Despite the absence of task-specific training, VLAD-Grasp achieves the highest mean success rate on Cornell and the second-highest on Jacquard. For real-world zero-shot trials on a Franka Emika Panda with a 2-finger parallel jaw gripper and wrist-mounted Orbbec Femto Mega RGB-D camera, the protocol entailed 5 grasps per object across 10 previously unseen household objects. Success, defined as the object remaining in-gripper after a 5 s vertical lift, was achieved in 88% of 50 trials.
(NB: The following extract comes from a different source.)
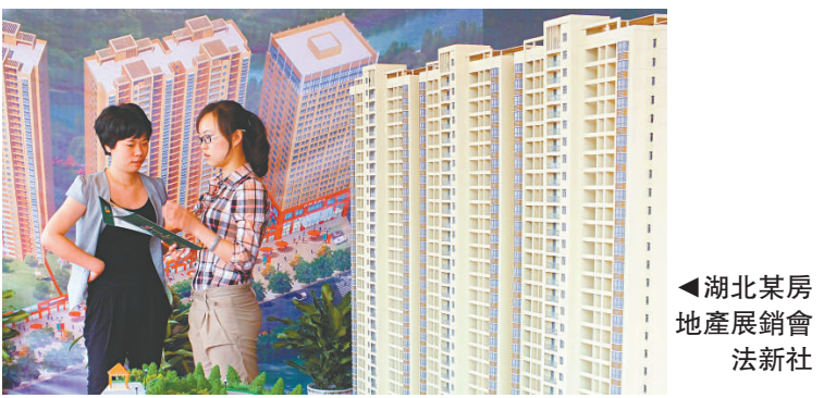
▲湖北某房地產展銷會

唐建偉認為，通脹的回落為貨幣政策提供了空間，考慮到未來外匯佔款增量下降因素，預計年內準備金率將調下1至3次，每次降幅料維持0.5%。至於年內進一步降息的問題，他直言，「可能性不大」，目前存貸款基準利率已處中性水平，鑒於2012年全年通脹水平同比料在3.3%左右，若再度降息將重返「負利率」時代，另一方面，三季度GDP將企穩回升，因此當局不必再度降準，但若外圍因素對國內經濟環境造成較大衝擊，不排除央行在下半年降準1次的可能。

Failure modes included VLM rod hallucination (4%), depth-segmentation misalignment (5%), and challenges with translucent/specular objects (3%).

6. Advantages, Limitations, and Future Directions

VLAD-Grasp introduces a training-free, data-agnostic grasp detection pipeline that harnesses geometric and commonsense priors within large vision–LLMs. The key advantages are:

• Zero-shot Transfer: Handles novel objects and environments without re-training or dataset curation.
• Explicit Geometric Constraint: The use of a virtual rod as a grasp proxy directly encodes an interpretable, antipodal grasp hypothesis.
• Competitive Performance: Exceeds or matches most supervised baselines under identical metrics and transfers directly to physical hardware.

Limitations of the approach include:

• Generation Failures: Occasional misinterpretations of object geometry or prompt by the VLM.
• Dependency on Third-Party Perception: Off-the-shelf depth and segmentation are susceptible to noise, particularly with transparent or reflective materials.
• Inference Cost: The use of large generative models incurs higher latency (seconds per sample) compared to optimized CNN-based detectors.

Future work is focused on integrating lightweight, high-throughput multimodal generators with improved prompt adherence, employing multi-view input or temporal consistency for more robust perception, and developing prompt-tuning or synthetic “rod-impaled” supervision to further stabilize grasp proposal.

VLAD-Grasp demonstrates that a vision–language prompting and 3D geometric alignment pipeline enables high performance, zero-shot antipodal grasp detection in both simulation and real-world robotic settings, obviating the need for task-specific data or retraining.